“Isn’t that all the better?” Ned demanded. “God knows I’m glad to see any kind of a man.”

After all, wasn’t that good sense? Trapping, fox-farming, any one of a dozen undertakings took white men into these northern realms. Conquering his own ridiculous fears—fears that partook of the nature of actual forewarnings—Knutsen drove his oars with added force into the water. The boat leaped forward: in a moment more they touched the bank.

Their deliverer, a great blond man seemingly of Northeastern Europe, was already at the water’s edge, watching them with a strange and inexplicable glitter in gray, sardonic eyes. He was a mighty, bearded man, clothed in furs; already he was bent, his hands on the bow of the boat. Already Ned was climbing out upon the shore.

Partly to remove the silly dismay that had overwhelmed him, partly because it was the first thought that would come to the mind of a wayfarer of the sea, Knutsen turned with a question. “What island is dis?” he asked.

The stranger turned with a grim, meaning smile. “Hell,” he answered simply.

Both Ned and Knutsen stood erect to stare at him.
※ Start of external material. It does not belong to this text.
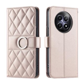 For Realme 12 5G Global Ring Buckle Rhombic Leather Phone Case(Rose Gold)
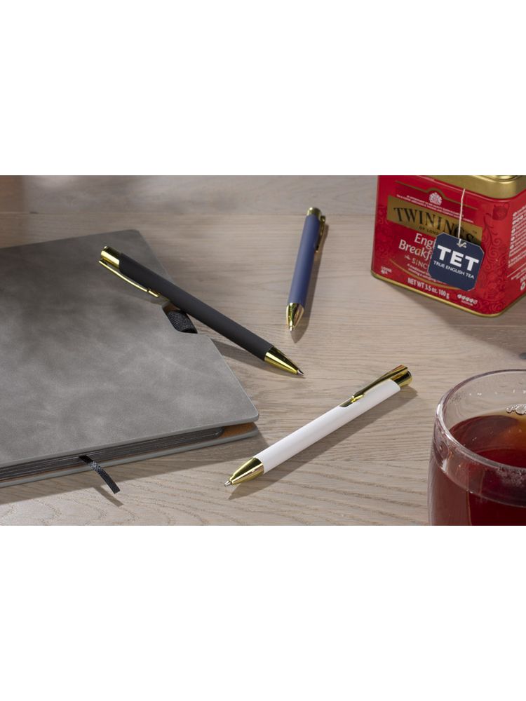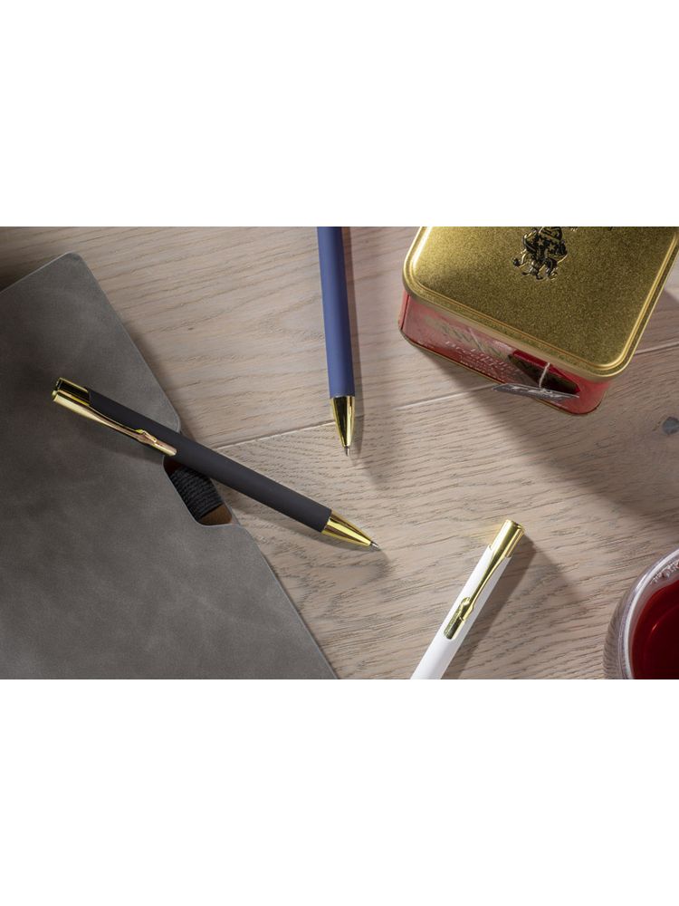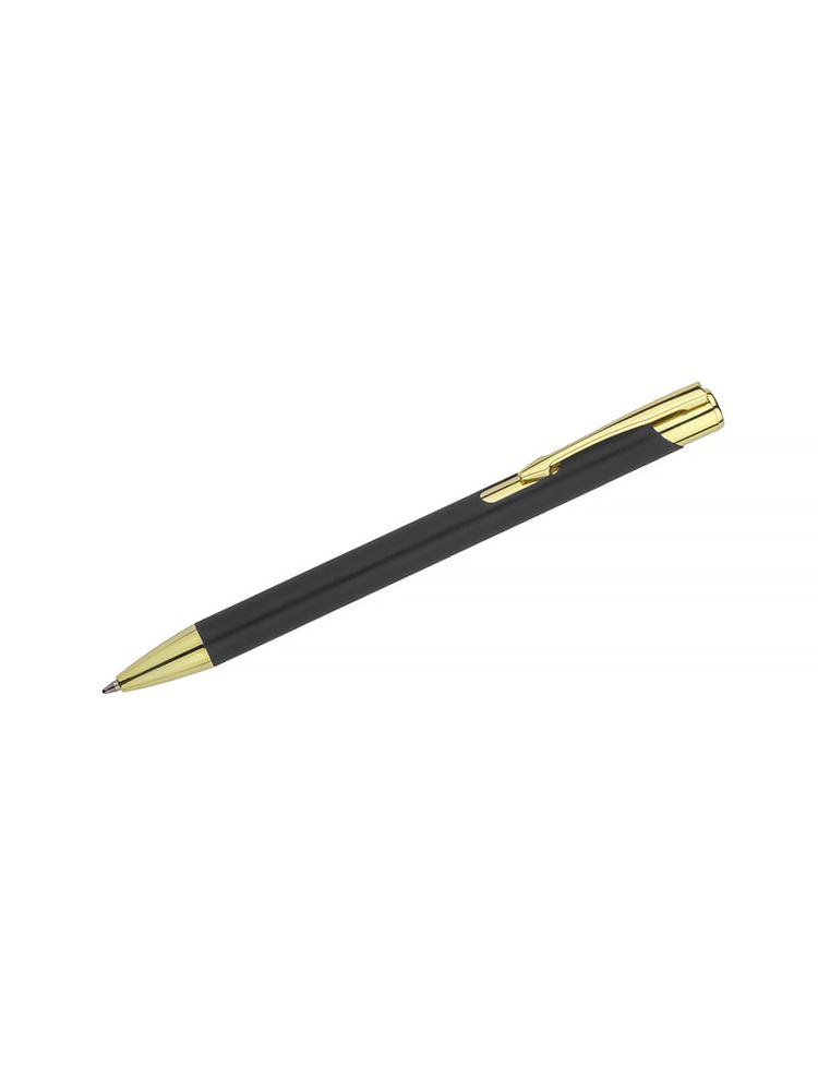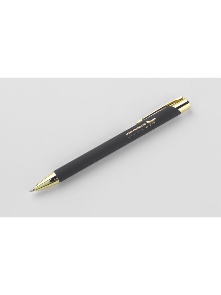 GOLDEN to długopis wyróżniający się przyjemną w dotyku gumowaną powierzchnią oraz wyjątkowo eleganckimi złotymi wykończeniami. Korpus wykonany z aluminium. Możliwość wygrawerowania logo w kolorze złotym, które doskonale pasuje do wykończeń długopisu. Długopis automatyczny. Wkład typu G2 w kolorze niebieskim.

The wind made curious whispers down through the long slit of the river valley. “Hell?” Knutsen echoed. “Is dat its name——”

“It’s the name I gave it. You’ll think it’s that before you get away.”

XIII

The stranger’s voice was deep and full, so far-carrying, so masterful, that it might have been the articulation of the raw elements among which he lived, rather than the utterance of human vocal chords. It held all his listeners; it wakened Lenore from the apathy brought by cold and exposure. They had wondered, at first, that a member of the white race should make his home on this remote and desolate isle, but after they had heard his voice they knew that this was his fitting environment. If any man’s home should be here, in this lost and snowy desert, here was the man.

The background of the North was reflected in his voice. It was as if he had caught its tone from the sea and the wild, through long acquaintance with them. It was commanding, passionate, and yet, to a man of rare sensitiveness, it would have had an unmistakable quality of beauty; at least, something that is like beauty and which can be heard in many of Nature’s voices: the chant of the wolf pack on the ridge, or even certain sounds of beating waves. The explanation was simply that he had lived so long in the North, he was so intrinsically its child in nature and temperament, that it had begun to mold him after its own raw forces. The fact that his voice had a deeply sardonic note was wholly in character. The North, too, has a cruel, grim humor that breaks men’s hearts.